Advanced Full Body Workouts: 5 Complex Moves for Expert Lifters

Are you an experienced lifter looking to break through your plateau with advanced full-body workouts? If you’re tired of the same old routine and want to challenge yourself with complex moves, you’ve come to the right place. These exercises are designed to maximize muscle engagement, enhance coordination, and boost your overall strength.

Quick Stats

  • Total Time: 30-40 minutes (including warm-up and cool-down)
  • Equipment Needed: Barbell (or dumbbells), kettlebell, resistance bands (optional)
  • Difficulty Level: Advanced
  • Calories Burned: Approximately 300-400 calories depending on intensity

Warm-Up (5 minutes)

  1. Dynamic Arm Circles - 30 seconds forward, 30 seconds backward
  2. Leg Swings - 30 seconds per leg, front to back
  3. Hip Openers - 30 seconds per side
  4. Bodyweight Squats - 1 minute at a moderate pace
  5. High Knees - 1 minute

Advanced Complex Moves

  1. Barbell Thruster (Squat to Overhead Press)

    • Reps: 10
    • Sets: 4
    • Rest: 60 seconds between sets
    • Form Cue: Keep your core tight and drive through your heels as you push overhead.
    • Modification: Use dumbbells instead of a barbell or perform a squat without the press for a less intense version.
  2. Kettlebell Snatch

    • Reps: 8 per arm
    • Sets: 3
    • Rest: 60 seconds between sets
    • Form Cue: Snap your hips forward to help drive the kettlebell upward.
    • Modification: Perform a kettlebell swing for a lower impact alternative.
  3. Single-Leg Deadlift to Row

    • Reps: 10 per leg
    • Sets: 3
    • Rest: 60 seconds between sets
    • Form Cue: Maintain a flat back as you hinge at the hips, and pull your elbow towards your ribcage at the top.
    • Modification: Use both feet on the ground for a standard deadlift and row.
  4. Burpee with Pull-Up

    • Reps: 6-8
    • Sets: 4
    • Rest: 90 seconds between sets
    • Form Cue: Perform the burpee, then jump to the pull-up bar with a strong grip.
    • Modification: Omit the pull-up and complete burpees only for a less intense option.
  5. Resistance Band Chest Fly to Push-Up

    • Reps: 10 for the fly, followed immediately by 5 push-ups
    • Sets: 3
    • Rest: 60 seconds between sets
    • Form Cue: Keep a slight bend in your elbows during the fly, and control your descent in the push-up.
    • Modification: Perform push-ups on your knees for less intensity.

Exercise Summary Table

| Exercise | Reps | Sets | Rest | Modification | |-----------------------------------|----------|------|-----------|---------------------------------------------| | Barbell Thruster | 10 | 4 | 60 seconds| Dumbbell Thruster or Squat only | | Kettlebell Snatch | 8 per arm| 3 | 60 seconds| Kettlebell Swing | | Single-Leg Deadlift to Row | 10 per leg| 3 | 60 seconds| Standard Deadlift and Row | | Burpee with Pull-Up | 6-8 | 4 | 90 seconds| Omit Pull-Up | | Resistance Band Chest Fly to Push-Up| 10 fly + 5 push-ups | 3 | 60 seconds| Push-Ups on knees |

Cool Down (3-5 minutes)

  1. Standing Forward Bend - 1 minute
  2. Child's Pose - 1 minute
  3. Seated Hamstring Stretch - 30 seconds per leg
  4. Cross-Body Shoulder Stretch - 30 seconds per arm

Complete in: 30-40 minutes

Conclusion

These advanced full-body workouts will push your limits and engage multiple muscle groups for maximum effectiveness.
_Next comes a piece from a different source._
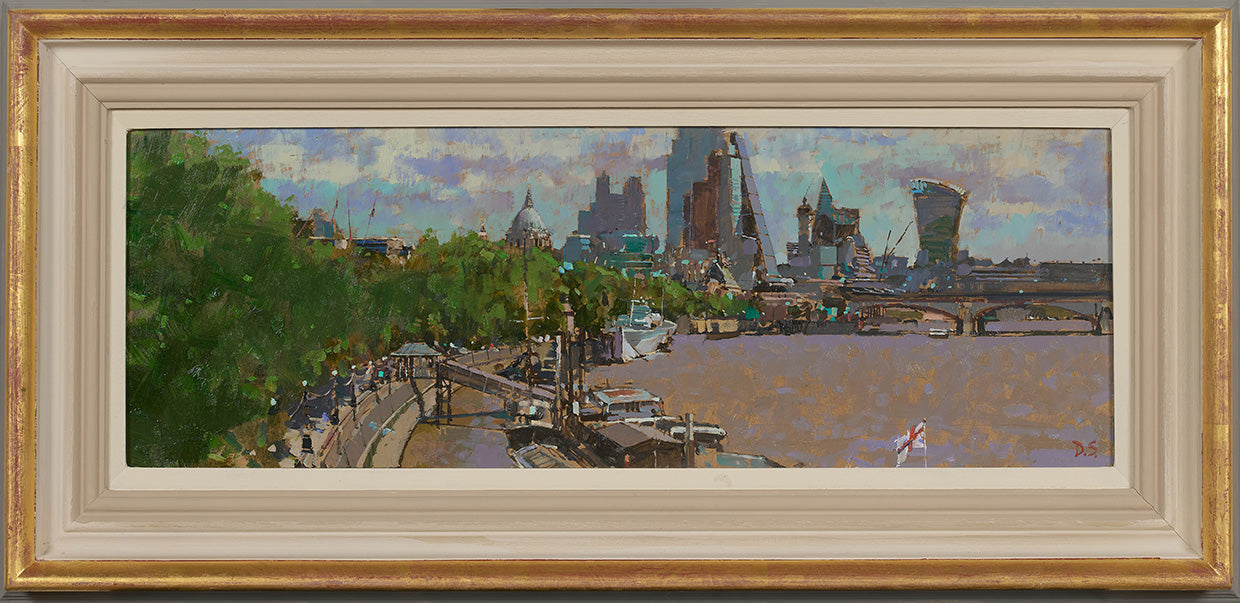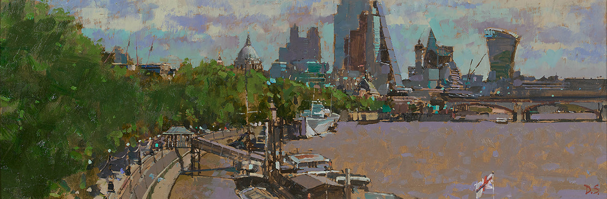 Born in London, David graduated from Canterbury College of Art in the early 1980s. Since then, he has worked continually as a fine artist including a brief period as a scene painter. He has held numerous solo exhibitions in private galleries and exhibited widely with public institutions, notably the New English Art Club, The Royal Society of British Artists, The Royal Institute of Painters in Watercolour, and the Chelsea Art Society. He has won many prizes at the societies’ annual shows and is an elected member of both the Royal Society of British Artists and the Chelsea Art Society. Past commissions include a series of London views for a City boardroom in the Fried Frank building and paintings for the State Rooms of Cunard’s new Queen Mary II.

Aim to incorporate this routine 2-3 times per week, allowing for rest days in between. As you become more comfortable with these complex moves, consider increasing the weight or reps for added challenge.

Ready to take your fitness journey to the next level? Consider personalized coaching with real-time feedback from certified trainers who can help you refine your form and technique.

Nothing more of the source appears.